** ACTION ITEM **
Nothing more is wanted than an exact repeat of the data below.

** PROVIDED INFORMATION **
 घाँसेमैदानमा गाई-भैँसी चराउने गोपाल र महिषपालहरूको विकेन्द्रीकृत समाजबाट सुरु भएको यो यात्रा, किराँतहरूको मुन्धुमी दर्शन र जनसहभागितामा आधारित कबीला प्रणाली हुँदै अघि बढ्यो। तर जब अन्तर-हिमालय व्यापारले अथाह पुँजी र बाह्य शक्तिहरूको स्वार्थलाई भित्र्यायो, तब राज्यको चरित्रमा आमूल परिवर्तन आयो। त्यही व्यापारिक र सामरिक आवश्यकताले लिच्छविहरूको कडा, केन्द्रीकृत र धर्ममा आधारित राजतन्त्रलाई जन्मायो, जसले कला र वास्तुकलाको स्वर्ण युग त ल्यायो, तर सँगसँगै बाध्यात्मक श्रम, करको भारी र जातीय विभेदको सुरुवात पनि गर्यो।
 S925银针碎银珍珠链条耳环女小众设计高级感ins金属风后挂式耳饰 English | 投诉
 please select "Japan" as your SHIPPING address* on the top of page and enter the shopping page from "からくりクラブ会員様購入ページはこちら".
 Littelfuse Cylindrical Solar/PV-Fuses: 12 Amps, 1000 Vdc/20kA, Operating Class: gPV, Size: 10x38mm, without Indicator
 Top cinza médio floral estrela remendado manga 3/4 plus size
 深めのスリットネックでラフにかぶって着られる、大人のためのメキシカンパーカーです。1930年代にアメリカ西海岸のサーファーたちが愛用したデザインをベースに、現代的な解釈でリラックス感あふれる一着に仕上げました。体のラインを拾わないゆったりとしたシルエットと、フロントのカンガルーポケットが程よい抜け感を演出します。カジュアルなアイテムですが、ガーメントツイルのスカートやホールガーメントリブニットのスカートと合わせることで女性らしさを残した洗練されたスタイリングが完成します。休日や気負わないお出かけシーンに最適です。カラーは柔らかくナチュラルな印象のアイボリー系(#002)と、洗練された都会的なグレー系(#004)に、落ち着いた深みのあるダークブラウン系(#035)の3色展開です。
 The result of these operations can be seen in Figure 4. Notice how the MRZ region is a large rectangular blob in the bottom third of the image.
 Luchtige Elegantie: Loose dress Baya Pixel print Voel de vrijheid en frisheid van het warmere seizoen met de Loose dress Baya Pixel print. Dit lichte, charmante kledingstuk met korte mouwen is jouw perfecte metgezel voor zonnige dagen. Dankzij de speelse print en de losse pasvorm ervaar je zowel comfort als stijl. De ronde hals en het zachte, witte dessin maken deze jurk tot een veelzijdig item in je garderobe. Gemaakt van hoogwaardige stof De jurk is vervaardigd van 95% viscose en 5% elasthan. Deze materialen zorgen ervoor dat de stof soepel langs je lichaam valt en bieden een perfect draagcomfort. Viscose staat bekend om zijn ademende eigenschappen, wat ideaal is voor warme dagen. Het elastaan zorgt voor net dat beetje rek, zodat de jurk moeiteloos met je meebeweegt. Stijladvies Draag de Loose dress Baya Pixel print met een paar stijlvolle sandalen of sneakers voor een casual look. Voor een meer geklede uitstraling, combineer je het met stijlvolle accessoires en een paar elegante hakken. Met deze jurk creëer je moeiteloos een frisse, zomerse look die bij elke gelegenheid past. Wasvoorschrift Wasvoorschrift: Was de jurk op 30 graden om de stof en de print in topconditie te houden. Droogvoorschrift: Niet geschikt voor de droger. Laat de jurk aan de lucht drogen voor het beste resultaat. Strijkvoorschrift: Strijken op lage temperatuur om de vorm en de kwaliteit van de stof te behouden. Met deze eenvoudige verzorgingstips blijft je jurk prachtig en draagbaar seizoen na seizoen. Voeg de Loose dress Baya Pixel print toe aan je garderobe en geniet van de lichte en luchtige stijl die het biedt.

** WORKED SOLUTION **
 घाँसेमैदानमा गाई-भैँसी चराउने गोपाल र महिषपालहरूको विकेन्द्रीकृत समाजबाट सुरु भएको यो यात्रा, किराँतहरूको मुन्धुमी दर्शन र जनसहभागितामा आधारित कबीला प्रणाली हुँदै अघि बढ्यो। तर जब अन्तर-हिमालय व्यापारले अथाह पुँजी र बाह्य शक्तिहरूको स्वार्थलाई भित्र्यायो, तब राज्यको चरित्रमा आमूल परिवर्तन आयो। त्यही व्यापारिक र सामरिक आवश्यकताले लिच्छविहरूको कडा, केन्द्रीकृत र धर्ममा आधारित राजतन्त्रलाई जन्मायो, जसले कला र वास्तुकलाको स्वर्ण युग त ल्यायो, तर सँगसँगै बाध्यात्मक श्रम, करको भारी र जातीय विभेदको सुरुवात पनि गर्यो।
 S925银针碎银珍珠链条耳环女小众设计高级感ins金属风后挂式耳饰 English | 投诉
 please select "Japan" as your SHIPPING address* on the top of page and enter the shopping page from "からくりクラブ会員様購入ページはこちら".
 Littelfuse Cylindrical Solar/PV-Fuses: 12 Amps, 1000 Vdc/20kA, Operating Class: gPV, Size: 10x38mm, without Indicator
 Top cinza médio floral estrela remendado manga 3/4 plus size
 深めのスリットネックでラフにかぶって着られる、大人のためのメキシカンパーカーです。1930年代にアメリカ西海岸のサーファーたちが愛用したデザインをベースに、現代的な解釈でリラックス感あふれる一着に仕上げました。体のラインを拾わないゆったりとしたシルエットと、フロントのカンガルーポケットが程よい抜け感を演出します。カジュアルなアイテムですが、ガーメントツイルのスカートやホールガーメントリブニットのスカートと合わせることで女性らしさを残した洗練されたスタイリングが完成します。休日や気負わないお出かけシーンに最適です。カラーは柔らかくナチュラルな印象のアイボリー系(#002)と、洗練された都会的なグレー系(#004)に、落ち着いた深みのあるダークブラウン系(#035)の3色展開です。
 The result of these operations can be seen in Figure 4. Notice how the MRZ region is a large rectangular blob in the bottom third of the image.
 Luchtige Elegantie: Loose dress Baya Pixel print Voel de vrijheid en frisheid van het warmere seizoen met de Loose dress Baya Pixel print. Dit lichte, charmante kledingstuk met korte mouwen is jouw perfecte metgezel voor zonnige dagen. Dankzij de speelse print en de losse pasvorm ervaar je zowel comfort als stijl. De ronde hals en het zachte, witte dessin maken deze jurk tot een veelzijdig item in je garderobe. Gemaakt van hoogwaardige stof De jurk is vervaardigd van 95% viscose en 5% elasthan. Deze materialen zorgen ervoor dat de stof soepel langs je lichaam valt en bieden een perfect draagcomfort. Viscose staat bekend om zijn ademende eigenschappen, wat ideaal is voor warme dagen. Het elastaan zorgt voor net dat beetje rek, zodat de jurk moeiteloos met je meebeweegt. Stijladvies Draag de Loose dress Baya Pixel print met een paar stijlvolle sandalen of sneakers voor een casual look. Voor een meer geklede uitstraling, combineer je het met stijlvolle accessoires en een paar elegante hakken. Met deze jurk creëer je moeiteloos een frisse, zomerse look die bij elke gelegenheid past. Wasvoorschrift Wasvoorschrift: Was de jurk op 30 graden om de stof en de print in topconditie te houden. Droogvoorschrift: Niet geschikt voor de droger. Laat de jurk aan de lucht drogen voor het beste resultaat. Strijkvoorschrift: Strijken op lage temperatuur om de vorm en de kwaliteit van de stof te behouden. Met deze eenvoudige verzorgingstips blijft je jurk prachtig en draagbaar seizoen na seizoen. Voeg de Loose dress Baya Pixel print toe aan je garderobe en geniet van de lichte en luchtige stijl die het biedt.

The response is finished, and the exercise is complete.